De verschillende regeerperiodes kenmerkten zich door sterke verschillen in de loonevolutie tussen de verschillende decielen. In de periode van de eerste regering-Verhofstadt gingen de lonen er in elk deciel in min of meer gelijke mate op vooruit, terwijl in de periode van de regering-Di Rupo de laagste lonen er procentueel het meest op vooruit gingen. Een compleet tegenovergesteld verhaal tijdens de regeringen-Leterme en -Van Rompuy en tijdens de regering-Michel: in beide periodes verliezen de laagste lonen aan waarde (met als negatieve uitschieter het waardeverlies van meer dan vijf procent voor het laagste loonsegment in de periode 2015-2019), terwijl de hoogste lonen er (meer of minder) sterk op vooruit gaan.
Die sterk ongelijke verdeling van de toegenomen welvaart doorheen de loonverdeling zien we ook wanneer we de gemiddelde lonen per beroepsgroep vergelijken tussen 2010 en 2019: de beter betaalde beroepsgroepen gaan er ook het meest op vooruit, terwijl slecht betaalde beroepen hun loon zien stagneren of zelfs zien dalen. Tegelijkertijd zien we ook dat de lonen in meer perifere streken in Wallonië steeds verder achterop hinken.
We zien dus een verdere dualisering van de marktlonen, met een steeds grotere kloof tussen de beter-betaalde en de slechter-betaalde jobs. Wie onderaan de loonladder staat, krijgt het zelfs als hij of zij voltijds werkt steeds moeilijker om aansluiting te vinden bij de algemene toename van de levensstandaard.
Die toenemende dualisering van de marktlonen heeft als gevolg dat alleen door een steeds grotere overheidstussenkomst —via wijzigingen in het fiscale systeem of het sociale systeem— het inkomen van werknemers in de laagste loongroepen toch ‘op peil’ gehouden kan worden.
Noten
(1) De loonstructuurenquête werkt, zoals de naam al aangeeft, met steekproeven. Voor sommige beroepsgroepen is die steekproef redelijk beperkt, wat van jaar tot jaar tot buitengewoon grote schommelingen kan leiden. Om dit op te vangen, maken we voor de volgende oefening gebruik van driejaarlijkse gemiddelden. We volgen hierbij het Steunpunt Werk dat, om op basis van dezelfde gegevens het aantal tewerkgestelde personen binnen een bepaalde beroepsgroep te berekenen, ook gebruik maakt van driejaarlijkse gemiddelden.
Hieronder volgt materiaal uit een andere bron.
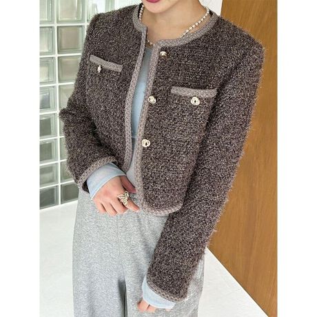 クラシカルな印象を引き立てるツイード素材を使用し、しっかりとした質感ながら柔らかな着心地に。季節の変わり目にも重宝する一枚です。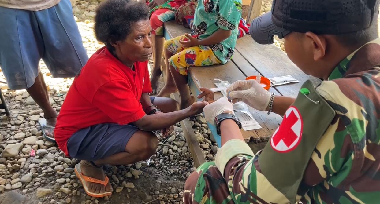 Satgas Yonif 751/VJS Adakan Pengobatan Gratis di Kampung Beringin dan Kalomdol

(2) De achtste beroepsklasse, gevormd door landbouwers en vissers, is in de loonstructuurenquête niet meegenomen. Onderwijzers en docenten enerzijds, en artsen en hoger gekwalificeerd gezondheidszorgpersoneel, die worden gerekend tot de tweede beroepsklasse, zijn ook niet meegenomen in de enquête, net zomin als ondersteunend gezondheidszorgpersoneel, die tot de derde beroepsklasse behoren.